But there are instances where crimes solely against an individual are labelled a hate crime. Where someone has been killed, but that the person responsible did not know the person was gay. But because he was gay, it becomes a hate crime.

That's very very dangerous territory if we're treating certain types of people as more important in the eyes of the law.
A victim does not have to be gay for hate crimes laws to apply. For example, there was one instance in the U.S. where two Ecuadoran immigrant brothers, named Jose Sucuzhañay, 31, and Romel Sucuzhañay, were walking home arm-in-arm after a night of drinking in the Bushwick neighborhood of Brooklyn were attacked because they were perceived to be gay. Anti-Hispanic slurs were also used during the assault. The attackers were described as four black men riding in a burgundy sport utility vehicle. One attacker jumped out of the SUV, used the anti-gay slur, then smashed Jose over the head with a bottle. As Romel ran away, three other men exited the vehicle and joined the assault, police said. One hit the victim in the head with a bat while the others kicked him. At some point, Romel returned holding a cell phone and told the men he had called police. They then drove off together. Jose subsequently died from his injuries.

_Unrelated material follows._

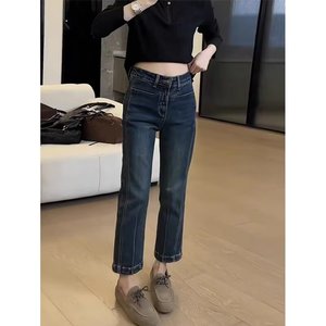 大码弹力九分牛仔裤女春夏胖mm梨形身材小个子高腰显瘦直筒烟管裤

Law enforcement official declared the attack a hate crime.

Do you think they were wrong to call it a hate crime? I certainly do.

Here's an article of the incident: Family Keeps Vigil for Beaten Brooklyn Man

Also, the purpose of hate crimes laws is not to place one individual, or group of people, above others, but rather to treat acts of violence against specific groups because of who they are as being especially heinous.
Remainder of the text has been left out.